In 2006, Advanced Technology Laboratory of Chunghwa Telecom proposed a collaborative project to develop homemade infrared arrays. According to the memorandum singed in the bottom half of 2006, the OIR Laboratory of IAA is in charge of measuring the performance of arrays made by AT Lab. in cryogenic temperature and evaluating the possibility of astronomical application. Our major works: interface design, controller setup, DSP programming, and gain calibration.
Advanced Technology Lab. developed the indium bump technology to make their InGaAs detector be adhered to the readout IC (ROIC) and form a complete array. Indigo System Corporations’ ISC9809 is adapted as the ROIC. Major specification and requirements of array:
- Resolution: 320 x 256.
- Cut off wavelength: 1.75μm.
- Pitch size: 30μm.
- CTIA input circuit with selectable integration capacitors.
- +5.5V is needed for both analog and digital operation.
- Single to 4 output parallel readout capability.
- Max. pixel rate is up to 10MHz.
- Control registers enable changing readout mode on-the-fly.
SDSU2 system shown in the Figure 5 is used as the array controller. One clock driver board and one IR video board are installed along with a timing board. The DSP code loaded in the ROM of timing board implements following functions:
- Basic readout: following the specs shown in Figure 3.
- Control registers writing: the same technique used in WIRCam.
- CDS readout: realized by using global resetting of ISC9809 and IMRO mode. Refer to Figure 4 to get insight of the detail timing. CDS is essential for images array calibration.
Dark imagess were taken with varied exposure time and temperature. Several points are worth to be noticed:
- CDS works and the vertical pattern in bias and raw imagess is removed. Refer to Figure 7 and Figure 8.
- Dark current is not improved anymore even temperature is lower than 180K. It might be the limitation of detectors.
- A weird pattern showed up while temperature is lower than 190K. After the measure of another sample, we are confident this pattern comes from the stress of filling material between the detector and the ROIC. This point has been reported to Advanced Technology Lab.
The system gain calibration is not performed yet. Certain of modification of dewar is needed to hold the chip for a longer period. For example, the widget shown in the Figure 11 is a new tube to help LN filling process. Beyond the gain measurement, several characteristics should be measured more detailed in the next couple of runs:
- The bias fed to detector common node should be fine tuned to determine an appropriate Q point for the device. The dark level can also be verified.
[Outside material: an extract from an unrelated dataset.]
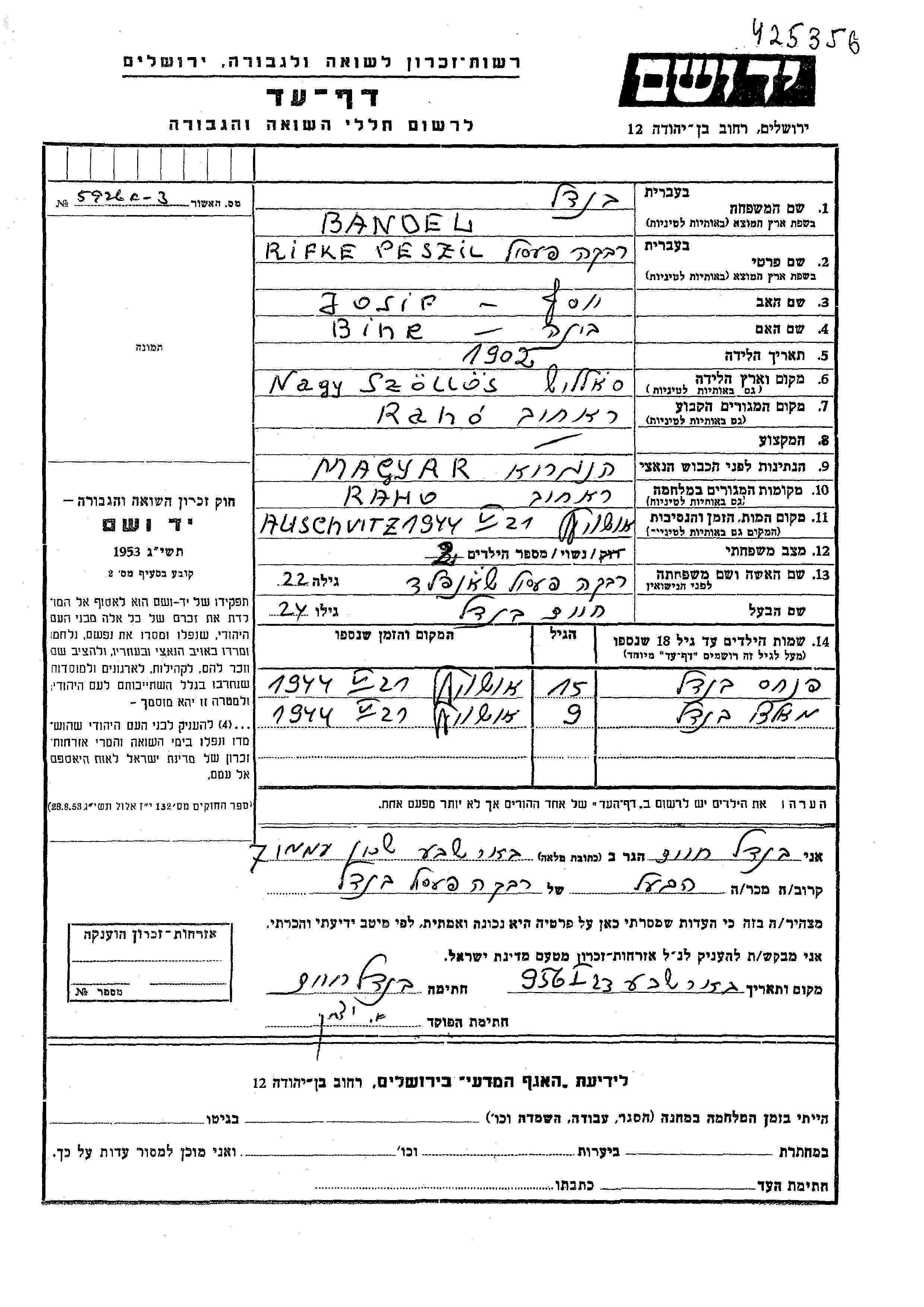 Malka Bandel wurde Sie war die Tochter von Khaim und Rifke Peszil, geb. Shonfeld. Sie war Kind. Vor dem Zweiten Weltkrieg lebte sie in Rahov, Tschechoslowakei. Während des Krieges war sie in Raho, Tschechoslowakei.
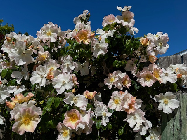 Whether you consider it to be a climber or a huge shrub, Sally Holmes is a rose that is hard to beat when it comes to showstopping beauty. I have a couple of Sallys covering a long, boring fence. They easily top the 6-foot fence with an abundance of roses. Flowers are produced in large clusters, almost rhododendron-like. Each flower is single and creamy white. Buds are a delightful apricot pink.

- To apply different pixel rate and see how the noise varies with.
- To design a front-end amplifier on the infrared video boards with appropriate gain to accommodate the full dynamic range of the array.
- To implement multi-channel readout.
- To depict the whole picture of the array and evaluate the possibility of astronomical application.
- To evaluate the advantage and practicability of using other ROICs.
Fig.1 The pad placement of ISC9809 defines the electronic interface.
Fig.2 The array produced by AT Lab mounted on the interface board designed by OIR Lab.
Fig.3. The basic readout clock pattern that we should follow.
Fig.4 IMRO mode, to achieve the essential CDS requirement for system calibration.
Fig.5 The SDSU2 controller and the external cables.
Fig.6 The Dewar used in the project.
Fig.7 Image taken as T=180K, exposure time = 7.11sec.
Fig.8 Image taken as T=270K, exposure time = 0.84sec.
Fig.9 Mean dark of a sub-region plotted against exposure time.
Fig.10 Mean dark level of a sub-region vs. temperature of the chip.
Fig.11 The new LN2 filler to improve the filling process.